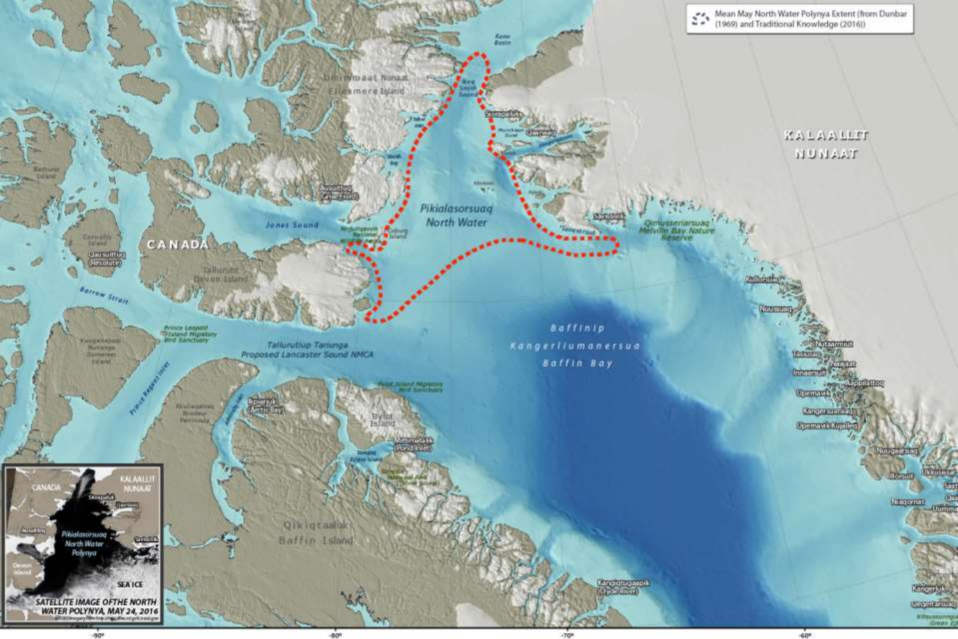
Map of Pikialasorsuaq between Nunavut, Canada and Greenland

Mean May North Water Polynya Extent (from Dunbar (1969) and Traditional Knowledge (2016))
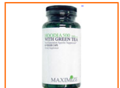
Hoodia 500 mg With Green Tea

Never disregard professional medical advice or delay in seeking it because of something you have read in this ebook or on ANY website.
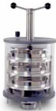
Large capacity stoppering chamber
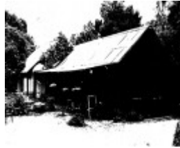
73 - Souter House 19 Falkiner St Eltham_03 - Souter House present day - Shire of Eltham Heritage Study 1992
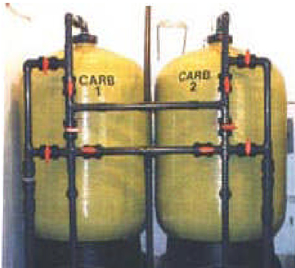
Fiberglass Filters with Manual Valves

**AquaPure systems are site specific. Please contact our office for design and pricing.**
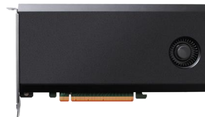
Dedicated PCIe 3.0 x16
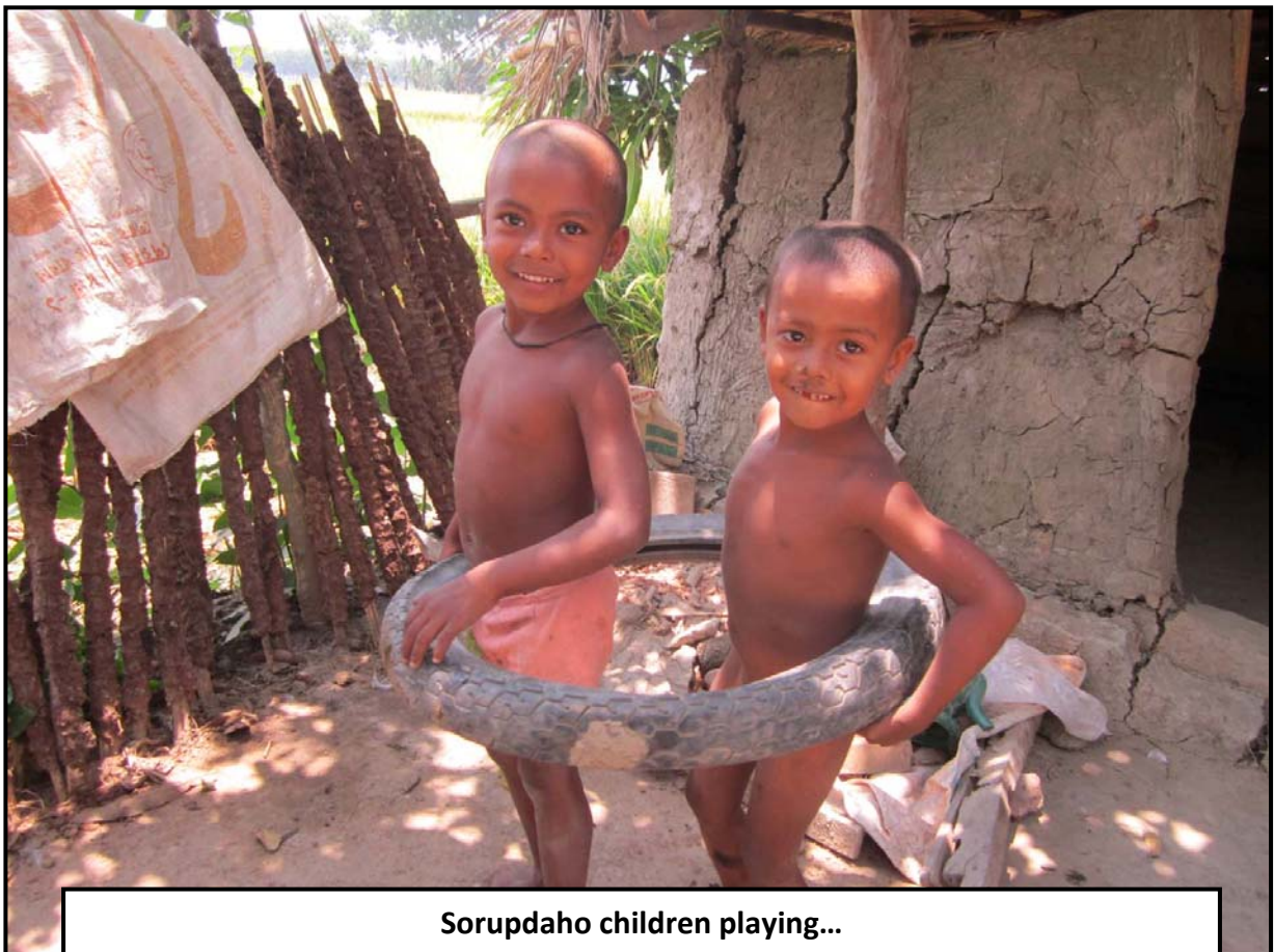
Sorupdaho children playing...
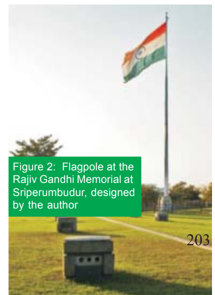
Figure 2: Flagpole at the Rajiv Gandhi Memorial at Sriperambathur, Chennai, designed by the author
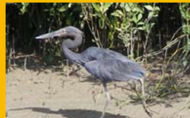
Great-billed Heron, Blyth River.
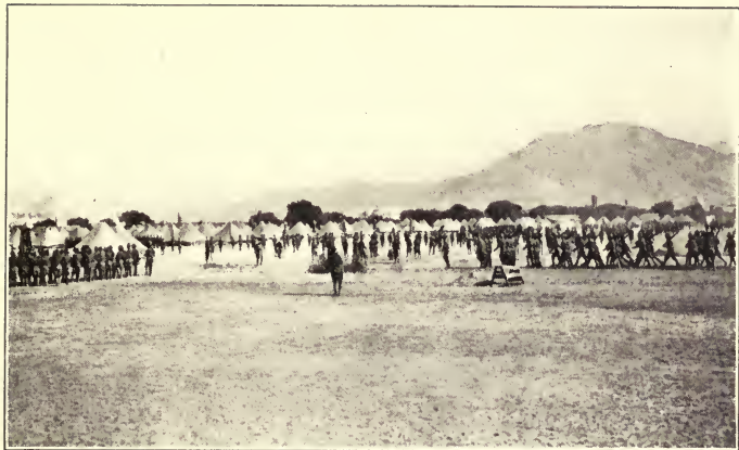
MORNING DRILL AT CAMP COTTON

> [What is expected]: The copy must start at the line containing "Fiberglass Filters with Manual Valves" and stop at the last line of the listing, both included, with every line exact and no pictures.

> [Response]:
Fiberglass Filters with Manual Valves

**AquaPure systems are site specific. Please contact our office for design and pricing.**
Dedicated PCIe 3.0 x16
Sorupdaho children playing...
Figure 2: Flagpole at the Rajiv Gandhi Memorial at Sriperambathur, Chennai, designed by the author
Great-billed Heron, Blyth River.
MORNING DRILL AT CAMP COTTON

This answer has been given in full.